Georg Erasmus Freiherr von Tschernembl (26 January 1567 – 18 November 1626) was a Calvinist Austrian nobleman.

Tschernembl was born on 26 January 1567 in Schwertberg in Upper Austria into the noble Tschernembl family. At the time, the Austrian nobility was predominantly Lutheran and Tschernembl's family was no exception. His grandfather had moved the family there from Carniola. His father, Hans, purchased the local castle. He was educated at home until he entered the University of Altdorf in November 1580. He left the university a committed Calvinist. With Paulus Melissus, he undertook a grand tour of Europe, visiting London, Paris and Geneva. He returned home no less Calvinist but with an ecumenical spirit. He was studying law in Italy in 1588.

During the Upper Austrian peasant revolt of 1596–1597, Tschernembl condemned the peasants for resorting to violence but urged a settlement of their grievances. With Gotthard von Starhemberg, he opposed the policies of Rudolf II and Matthias against Protestants and resisted the efforts of the commander Hans Jakob Löbl to transfer Protestant churches to the Catholic church. In Prague in 1600 he won concessions for Protestants, but in August 1601 he was summoned to Vienna and held practically a prisoner until he agreed to implement certain anti-Protestant decrees.

Following the Bocskai uprising of 1604 in Hungary, Tschernembl renewed his efforts to obtain freedom for Austrian Protestants. He supported the League of Horn and sought alliances with foreign nobles, like Karl Žerotín, Václav Budovec of Budov, György Thurzó and Prince Christian of Anhalt.

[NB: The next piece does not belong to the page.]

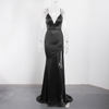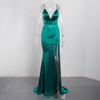 Fleepmart Long Satin Backless Prom Party Evening Maxi Dress Ruched Low V Cut Split Front Stretchy Bodycon Sexy Slim

He won concessions from the estates of Lower Austria in 1608 and from Matthias in 1609 and 1610, but the outbreak of the Thirty Years' War in 1618 considerably weakened the Protestant position in Austria. When Upper Austria was overrun by Bavarians in 1620, he fled to Bohemia. In 1622, the Jesuit Jakob Keller published a manuscript of Tschernembl's recommendations to King Frederick of Bohemia with his own commentary under the title Consultationes. The document had been captured after the siege of Heidelberg. As published, it contains 38 recommendations.

After the Protestant defeat in the Battle of White Mountain in 1620, Tschernembl spent the next two years in exile in the Upper Palatinate and the Duchy of Württemberg. After the fall of Heidelberg, he moved to Geneva in the autumn of 1622, where the Calvinist authorities welcomed him. He died on 18 November 1626 in Geneva.